In questo modo, la vittima interiorizza la subordinazione e la disistima e contribuisce ad alimentare la posizione marginale che la società le riserva, iniziando a credere nell’indifferenza e nello scarso valore di sé attribuitole dagli altri e sviluppando, a livello psicologico, depressione, mancanza di autostima, auto-esclusione, ansia e altri sintomi similari.

Il soggetto razzializzato, quindi, crede di meritare la discriminazione che riceve, e si isola ulteriormente, confermando a se stesso l’inferiorità e la marginalizzazione che il resto della popolazione gli addita. Ne derivano, così, episodi di violenza fisica e psicologica – sia nei confronti delle persone razzializzate, sia verso coloro che dimostrano a esse solidarietà – e la dilagante mancanza di empatia che, ogni giorno, a molti fa restare indifferenti nei riguardi di ciò che succede nella società – dai caduti di guerra in zone lontane dall’Europa ai naufragi nel Mediterraneo.

Come superarla e combatterla

Ma come fare, allora, per evitare che la razzializzazione venga ancora attuata? Come sempre in questi casi, sarebbe necessario un lavoro di “ristrutturazione” della società, che vada a scuotere le fondamenta razziste su cui ancora si basa e possa capovolgere le gerarchie sociali in cui siamo incastrati.
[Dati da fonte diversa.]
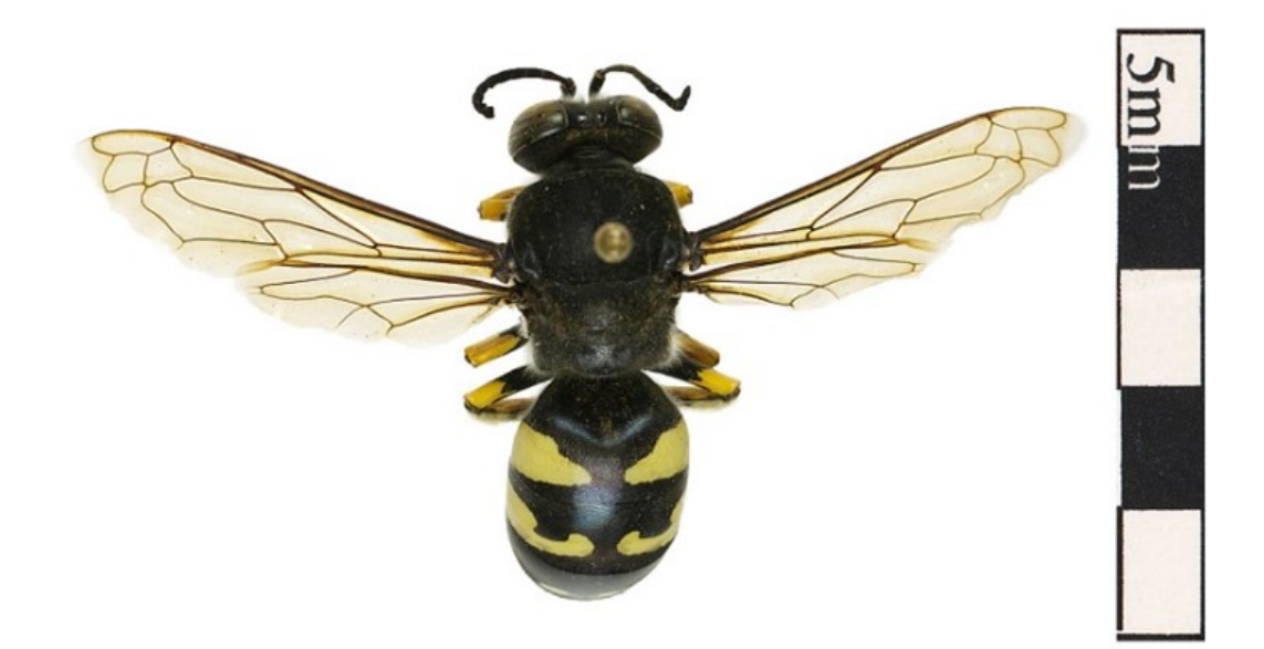
Figura 1. Vespa Cavalo Guarda - Stictia carolina (Fabricius 1793).

The horse marimbondo or hunter marimbondo has different names and can be known, depending on the region of Brazil, even as a dog horse, a wasp hunter, and a spider hunter. The horse wasp has two characteristics that make it quite feared: it is considered by many to be the insect with the most painful sting in the world. The other is that it hunts spiders so that they become hosts and, later, food for their larvae. This type of wasp is, on average, 5 centimeters long, but some individuals can reach 11 centimeters. (Figure 1) [1-7].

Un processo lungo, graduale e pervasivo, che, tuttavia, si può avviare facendo anche solo dei piccoli passi, quali, per esempio, far notare a un’ipotetica signora dell’esempio posto in apertura che non c’è ragione di stringere la borsa al petto, e che il suo comportamento è frutto di un retaggio culturale infondato, irrispettoso e desueto.

O, ancora, se si assiste a un episodio di razzializzazione e di conseguente esclusione di un membro della società, si può intervenire facendo notare al gruppo fautore dell’atto i propri limiti e sbagli, offrendo, al contempo, supporto al “dominato”. Non è semplice, ma, un passo dopo l’altro, cambiare è possibile.